An audio signal is constantly changing, so to simplify things we assume that on short time scales the audio signal doesn’t change much (statistically stationary). This is why we frame the signal into 20-40ms frames.
The next step is to calculate the power spectrum of each frame. This is motivated by the human cochlea which vibrates at different spots depending on the frequency of the incoming sounds. Our periodogram estimate identifies which frequencies are present in the frame.
The periodogram spectral estimate still contains a lot of information not required for ASR. In particular the cochlea can not discern the difference between two closely spaced frequencies. This effect becomes more pronounced as the frequencies increase. For this reason we take clumps of periodogram bins and sum them up to get an idea of how much energy exists in various frequency regions. This is performed by our Mel filterbank: the first filter is very narrow and gives an indication of how much energy exists near 0 Hertz. As the frequencies get higher our filters get wider as we become less concerned about variations.
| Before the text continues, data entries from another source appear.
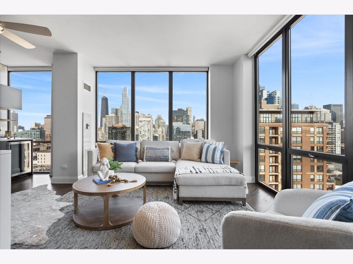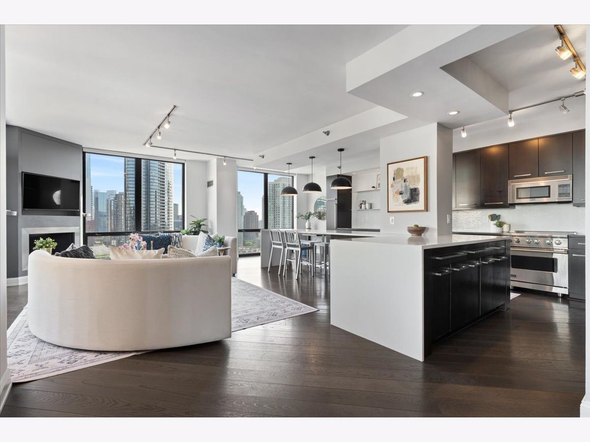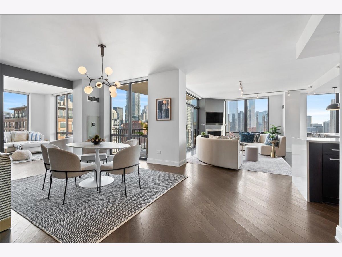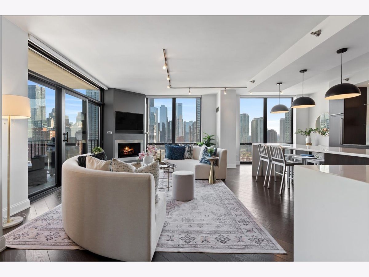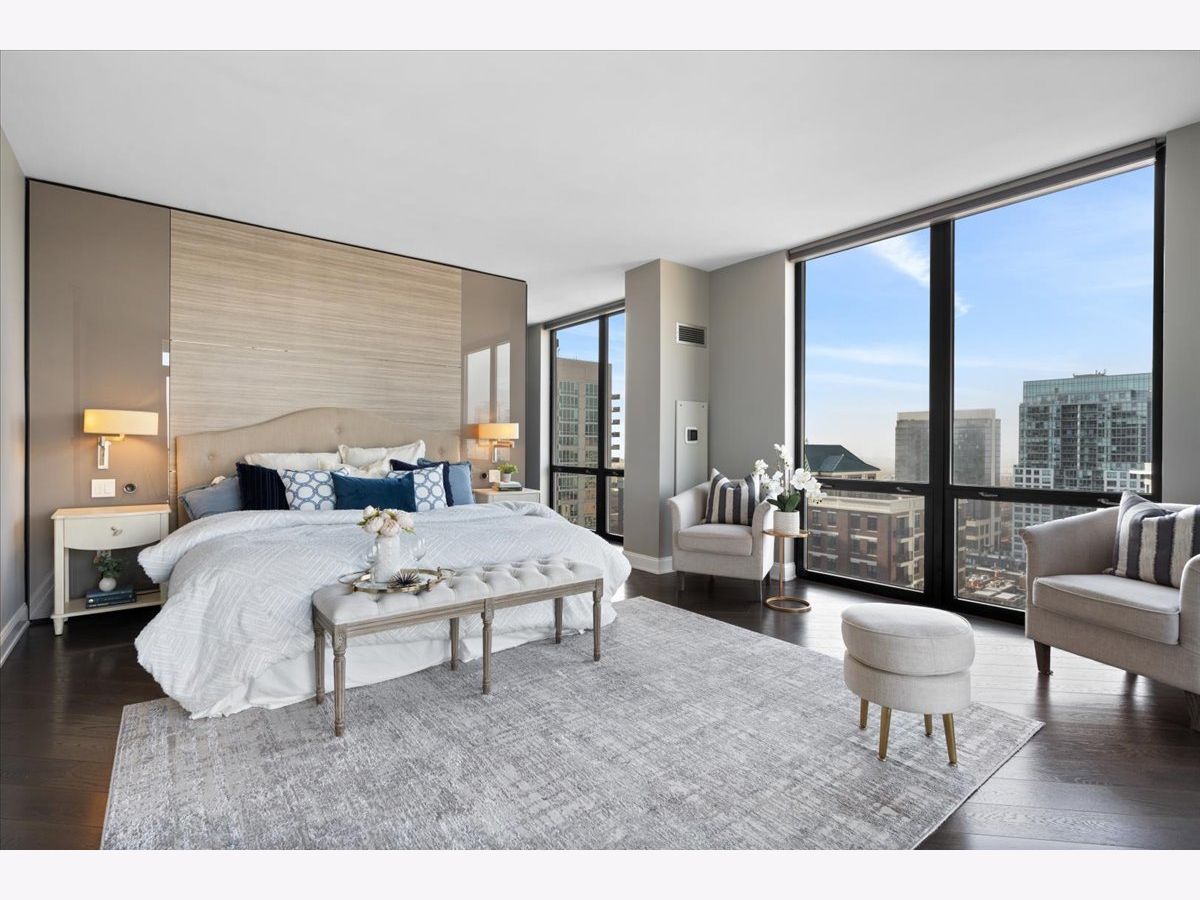 Experience refined luxury living at Erie Centre Tower in the heart of River North. This spectacular, fully gutted and meticulously redesigned residence offers approximately 3,000 square feet of sophisticated living space, spanning the entire east side of the building with breathtaking, unobstructed city views to the south, east, and north. Floor-to-ceiling windows flood the home with natural light, while two private balconies provide the perfect setting for morning coffee or evening entertaining. The expansive open-concept layout showcases a stunning chef's kitchen designed for both everyday living and effortless hosting, complemented by premium designer finishes and integrated smart home technology throughout. Every detail has been thoughtfully curated, including 6" Carlisle white oak flooring, custom closets, Hunter Douglas electronic shades, and designer lighting throughout. An additional living area featuring a wet bar and beverage center creates the ideal space for entertaining or relaxing in style. The luxurious primary suite offers a true retreat, complete with a spa-inspired bath featuring a soaking tub, walk-in shower with body sprays, rain shower, steam, and Robern mirrors with integrated lighting. Additional highlights include two heated, deeded, electric vehicle-ready parking spaces available for an additional $50,000 total. Erie Centre Tower offers full-service amenities including 24-hour door staff, a fitness center, and a rooftop sundeck. This is a rare opportunity to own a turnkey, designer-quality residence in one of River North's premier locations.
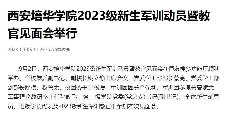 今日头条:西安培华学院2023级新生军训动员暨教官见面会举行
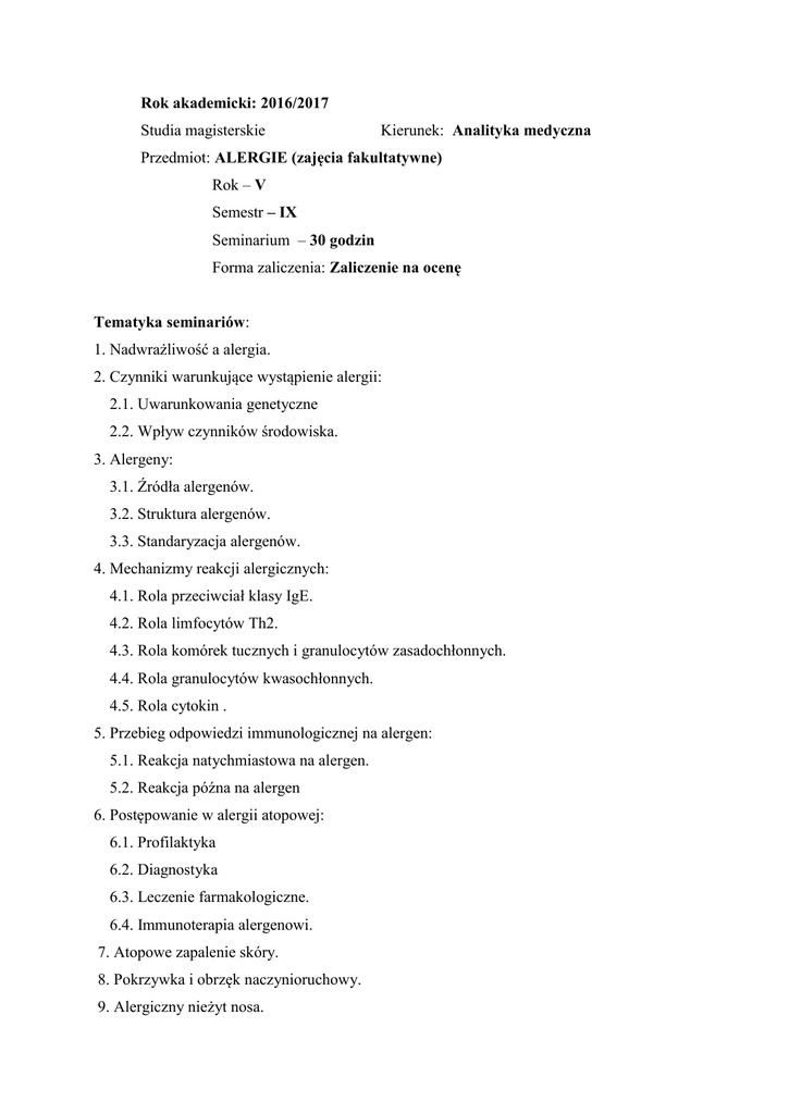 Rok akademicki: 2016/2017 Studia magisterskie Kierunek: Analityka medyczna Przedmiot: ALERGIE (zajęcia fakultatywne) Rok – V Semestr – IX Seminarium – 30 godzin Forma zaliczenia: Zaliczenie na ocenę Tematyka seminariów: 1. Nadwrażliwość a alergia. 2. Czynniki warunkujące wystąpienie alergii: 2.1. Uwarunkowania genetyczne 2.2. Wpływ czynników środowiska. 3. Alergeny: 3.1. Źródła alergenów. 3.2. Struktura alergenów. 3.3. Standaryzacja alergenów. 4. Mechanizmy reakcji alergicznych: 4.1. Rola przeciwciał klasy IgE. 4.2. Rola limfocytów Th2. 4.3. Rola komórek tucznych i granulocytów zasadochłonnych. 4.4. Rola granulocytów kwasochłonnych. 4.5. Rola cytokin . 5. Przebieg odpowiedzi immunologicznej na alergen: 5.1. Reakcja natychmiastowa na alergen. 5.2. Reakcja późna na alergen 6. Postępowanie w alergii atopowej: 6.1. Profilaktyka 6.2. Diagnostyka 6.3. Leczenie farmakologiczne. 6.4. Immunoterapia alergenowi. 7. Atopowe zapalenie skóry. 8. Pokrzywka i obrzęk naczynioruchowy. 9. Alergiczny nieżyt nosa. 10. Astma oskrzelowa. 11. Choroby alergiczne płuc wywołane pyłami organicznymi. 12. Alergiczne zapalenie spojówek. 13. Rośliny wywołujące alergie. 13.1. Kalendarz pylenia. 14. Rola zwierząt w powstawaniu alergii. 15. Alergia na leki. 16. Alergie pokarmowe. 17. Immunoprofilaktyka i immunoterapia alergii. 18. Diagnostyka alergii. Zalecane podręczniki: 1. Gołąb J., Jakóbisiak M., Lasek W., Stokłosa T. (red.) : Immunologia. PWN, Warszawa 2012. 2. Gravers G., Bocken M: Ilustrowany podręcznik chorób alergicznych. Wyd. Urban & Partner, Wrocław 2002. 3. Kowalski M. (red.): Immunologia kliniczna. Mediton, Łódź 2000. 4. Lasek W.: Immunologia. Podstawowe zagadnienia i aktualności. PWN, Warszawa 2005. 5. Zembala M., Górski A. (red): Zarys immunologii klinicznej. PZWL, Warszawa 2001. 6. Żeromski J. (red.): Immunologia. PZWL, Warszawa 2000.

We are only interested in roughly how much energy occurs at each spot. The Mel scale tells us exactly how to space our filterbanks and how wide to make them. See below for how to calculate the spacing.
Once we have the filterbank energies, we take the logarithm of them. This is also motivated by human hearing: we don’t hear loudness on a linear scale. Generally to double the percieved volume of a sound we need to put 8 times as much energy into it. This means that large variations in energy may not sound all that different if the sound is loud to begin with. This compression operation makes our features match more closely what humans actually hear. Why the logarithm and not a cube root? The logarithm allows us to use cepstral mean subtraction, which is a channel normalisation technique.
The final step is to compute the DCT of the log filterbank energies. There are 2 main reasons this is performed. Because our filterbanks are all overlapping, the filterbank energies are quite correlated with each other. The DCT decorrelates the energies which means diagonal covariance matrices can be used to model the features in e.g. a HMM classifier. But notice that only 12 of the 26 DCT coefficients are kept. This is because the higher DCT coefficients represent fast changes in the filterbank energies and it turns out that these fast changes actually degrade ASR performance, so we get a small improvement by dropping them.
The Mel scale relates perceived frequency, or pitch, of a pure tone to its actual measured frequency. Humans are much better at discerning small changes in pitch at low frequencies than they are at high frequencies. Incorporating this scale makes our features match more closely what humans hear.
The formula for converting from frequency to Mel scale is:
\[M(f) = 1125~ln(1 + f/700)\]To go from Mels back to frequency:
\[M^{-1}(m) = 700(exp(m/1125) - 1)\]